Credit unions are non-profit financial organisations, traditionally set up by members with some kind of community in common – be it where they live or their profession. But this is changing.
There are more than 500 credit unions in Britain, so almost everyone has access to one.
Until 8 January 2012, credit unions were hampered by restrictions that meant all of their members had to have one common bond – such as living in the same geographical area or working for the same employer.
Credit unions can now extend membership to several groups, meaning more people can be eligible to join.
For instance, a credit union providing services to anyone living or working in Pontefract will now be able to serve all the employees of a company, too – even if they don’t live or work in Pontefract.
How are credit unions run?
Credit unions are owned and controlled by their members, so they have no outside shareholders to pay.
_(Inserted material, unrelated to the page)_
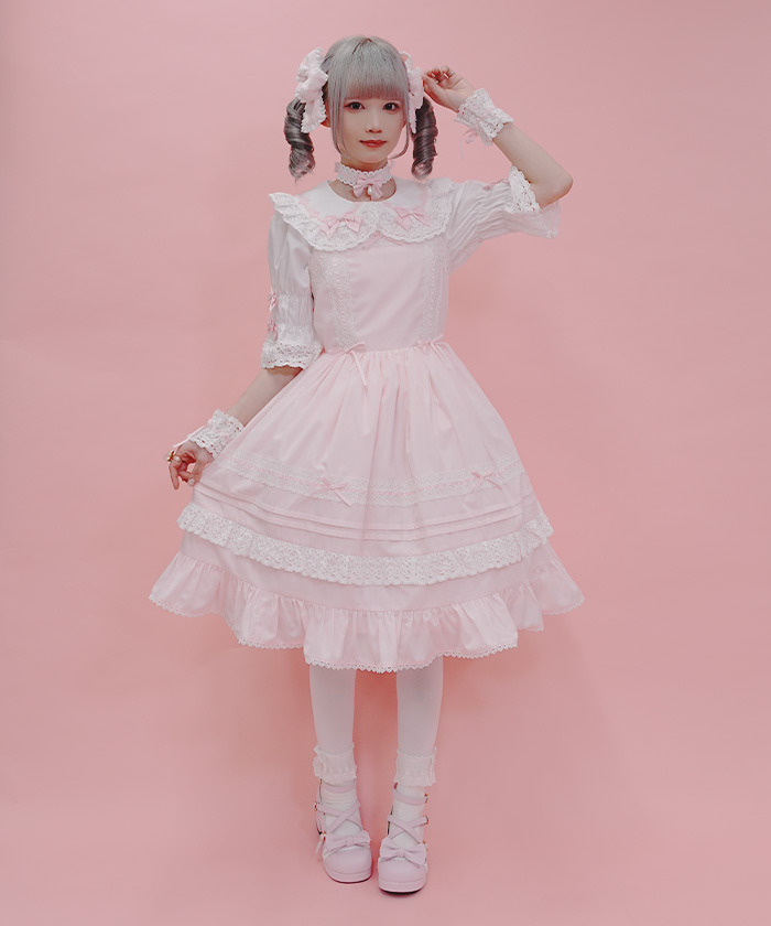 【商品介紹】 這款吊帶洋裝以梯形蕾絲為亮點,打造甜美娃娃風格。領口、裙身與裙擺細緻點綴蕾絲,搭配霧面緞帶蝴蝶結,整體柔和可愛,棉感材質四季皆可穿搭。

They are run by volunteers elected by the membership.
Any profit that a credit union makes is used to develop the credit union and provide a return to savers.
Are you eligible to use a credit union?
You’ll need to check whether there’s a credit union in your area, or if there’s one for people from your profession – an easy way to do this is by searching the site Find Your Credit Union – set up by The Association of British Credit Unions Limited (Abcul).
You can also call Abcul on 0161 832 3694.
As mentioned above, some credit unions will have relaxed their eligibility criteria – but you’ll need to check first.
What services do credit unions offer?
Credit unions typically offer savings and loans, but some also branch into current accounts, mortgages and prepaid cards.
Reportedly, around 60 credit unions now offer current accounts, 40 have a prepaid card service, but very few offer mortgages.
As savings and loans are the most common services on offer, the rest of this guide focuses on how they work.
Credit union savings: is my money safe?
Yes – your savings are as safe as they would be with a bank or building society.
Credit unions are licensed deposit-takers, authorised and regulated by the Financial Conduct Authority.
Just like ordinary savings accounts, they are fully covered by the Financial Services Compensation Scheme (FSCS) up to the standard limit of £85,000 per individual.
- Find out more: FSCS: are my savings safe?
Do I earn interest on credit union savings account?
Previously, credit unions could not pay interest on savings, only a retrospective dividend.
But, credit unions can now pay interest on savings, which means it will be easier for people to compare the rates of return with other savings providers and will help credit unions attract more savers – although most still pay a dividend.
Contact your local credit union to find out more information about what level of dividend it has paid in recent years, or whether it offers interest on savings.
Can organisations can join a credit union?
Under the old rules, only individuals were able to become members of credit unions. The new rules mean that organisations themselves can join a credit union (up to a maximum of 10% of the members) and use the financial services it provides.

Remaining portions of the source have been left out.